From the first line of the data through the line containing "периметру чаши унитаза.", return each line exactly.

Extracted information:
------------------------------------------------------------------------
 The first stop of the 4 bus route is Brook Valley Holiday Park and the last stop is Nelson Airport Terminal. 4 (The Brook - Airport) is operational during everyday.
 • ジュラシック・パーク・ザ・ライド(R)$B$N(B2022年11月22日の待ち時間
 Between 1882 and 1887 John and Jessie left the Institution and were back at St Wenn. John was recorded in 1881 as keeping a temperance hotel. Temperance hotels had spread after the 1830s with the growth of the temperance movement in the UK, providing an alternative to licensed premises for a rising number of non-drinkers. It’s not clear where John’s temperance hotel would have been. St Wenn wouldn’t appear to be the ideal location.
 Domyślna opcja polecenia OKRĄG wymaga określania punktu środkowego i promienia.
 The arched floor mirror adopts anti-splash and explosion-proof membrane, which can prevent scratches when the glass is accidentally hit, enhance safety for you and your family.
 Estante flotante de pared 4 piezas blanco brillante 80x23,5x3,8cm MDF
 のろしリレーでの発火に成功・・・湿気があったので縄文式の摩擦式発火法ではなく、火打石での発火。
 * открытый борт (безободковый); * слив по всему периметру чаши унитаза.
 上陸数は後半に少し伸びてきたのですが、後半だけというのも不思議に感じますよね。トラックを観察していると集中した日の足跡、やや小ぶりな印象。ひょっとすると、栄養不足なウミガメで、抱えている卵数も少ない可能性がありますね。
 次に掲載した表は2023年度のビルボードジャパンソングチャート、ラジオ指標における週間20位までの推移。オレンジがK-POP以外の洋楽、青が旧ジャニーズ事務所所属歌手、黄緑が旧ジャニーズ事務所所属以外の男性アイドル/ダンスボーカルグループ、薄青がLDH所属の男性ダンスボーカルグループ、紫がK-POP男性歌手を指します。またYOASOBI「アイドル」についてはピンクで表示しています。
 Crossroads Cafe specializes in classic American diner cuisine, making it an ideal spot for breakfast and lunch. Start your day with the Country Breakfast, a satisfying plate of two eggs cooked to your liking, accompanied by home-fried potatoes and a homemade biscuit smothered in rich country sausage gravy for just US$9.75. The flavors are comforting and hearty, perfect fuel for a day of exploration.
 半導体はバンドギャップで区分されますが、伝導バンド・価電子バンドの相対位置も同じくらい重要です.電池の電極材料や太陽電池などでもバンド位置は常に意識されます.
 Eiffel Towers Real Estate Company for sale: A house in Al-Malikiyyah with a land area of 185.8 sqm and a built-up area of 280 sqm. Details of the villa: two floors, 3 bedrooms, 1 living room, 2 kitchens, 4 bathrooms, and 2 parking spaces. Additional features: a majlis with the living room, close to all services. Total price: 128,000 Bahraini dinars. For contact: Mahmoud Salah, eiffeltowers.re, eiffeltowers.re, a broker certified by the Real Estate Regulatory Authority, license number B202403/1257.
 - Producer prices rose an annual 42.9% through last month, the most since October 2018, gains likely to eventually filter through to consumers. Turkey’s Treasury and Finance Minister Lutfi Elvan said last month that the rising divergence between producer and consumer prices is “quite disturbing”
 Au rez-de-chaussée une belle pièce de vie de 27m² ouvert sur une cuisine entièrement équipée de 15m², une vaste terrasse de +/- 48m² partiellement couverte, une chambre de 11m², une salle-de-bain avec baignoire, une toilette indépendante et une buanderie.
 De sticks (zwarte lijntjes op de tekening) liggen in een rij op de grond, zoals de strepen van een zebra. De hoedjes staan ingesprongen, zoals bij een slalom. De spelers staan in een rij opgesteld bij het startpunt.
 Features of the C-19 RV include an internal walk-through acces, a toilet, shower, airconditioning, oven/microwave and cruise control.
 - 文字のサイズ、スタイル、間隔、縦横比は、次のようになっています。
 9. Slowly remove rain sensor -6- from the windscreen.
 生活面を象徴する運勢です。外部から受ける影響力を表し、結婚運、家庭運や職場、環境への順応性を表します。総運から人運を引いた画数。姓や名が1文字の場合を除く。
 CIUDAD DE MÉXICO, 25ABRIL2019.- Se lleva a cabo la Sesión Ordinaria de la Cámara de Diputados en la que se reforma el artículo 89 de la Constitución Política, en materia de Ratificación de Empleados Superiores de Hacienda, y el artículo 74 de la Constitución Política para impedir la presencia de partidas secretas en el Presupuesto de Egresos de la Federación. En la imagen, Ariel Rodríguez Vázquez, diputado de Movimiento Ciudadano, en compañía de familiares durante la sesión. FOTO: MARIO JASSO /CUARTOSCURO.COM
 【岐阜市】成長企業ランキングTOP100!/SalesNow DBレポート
------------------------------------------------------------------------
Solution to this problem:
 The first stop of the 4 bus route is Brook Valley Holiday Park and the last stop is Nelson Airport Terminal. 4 (The Brook - Airport) is operational during everyday.
 • ジュラシック・パーク・ザ・ライド(R)$B$N(B2022年11月22日の待ち時間
 Between 1882 and 1887 John and Jessie left the Institution and were back at St Wenn. John was recorded in 1881 as keeping a temperance hotel. Temperance hotels had spread after the 1830s with the growth of the temperance movement in the UK, providing an alternative to licensed premises for a rising number of non-drinkers. It’s not clear where John’s temperance hotel would have been. St Wenn wouldn’t appear to be the ideal location.
 Domyślna opcja polecenia OKRĄG wymaga określania punktu środkowego i promienia.
 The arched floor mirror adopts anti-splash and explosion-proof membrane, which can prevent scratches when the glass is accidentally hit, enhance safety for you and your family.
 Estante flotante de pared 4 piezas blanco brillante 80x23,5x3,8cm MDF
 のろしリレーでの発火に成功・・・湿気があったので縄文式の摩擦式発火法ではなく、火打石での発火。
 * открытый борт (безободковый); * слив по всему периметру чаши унитаза.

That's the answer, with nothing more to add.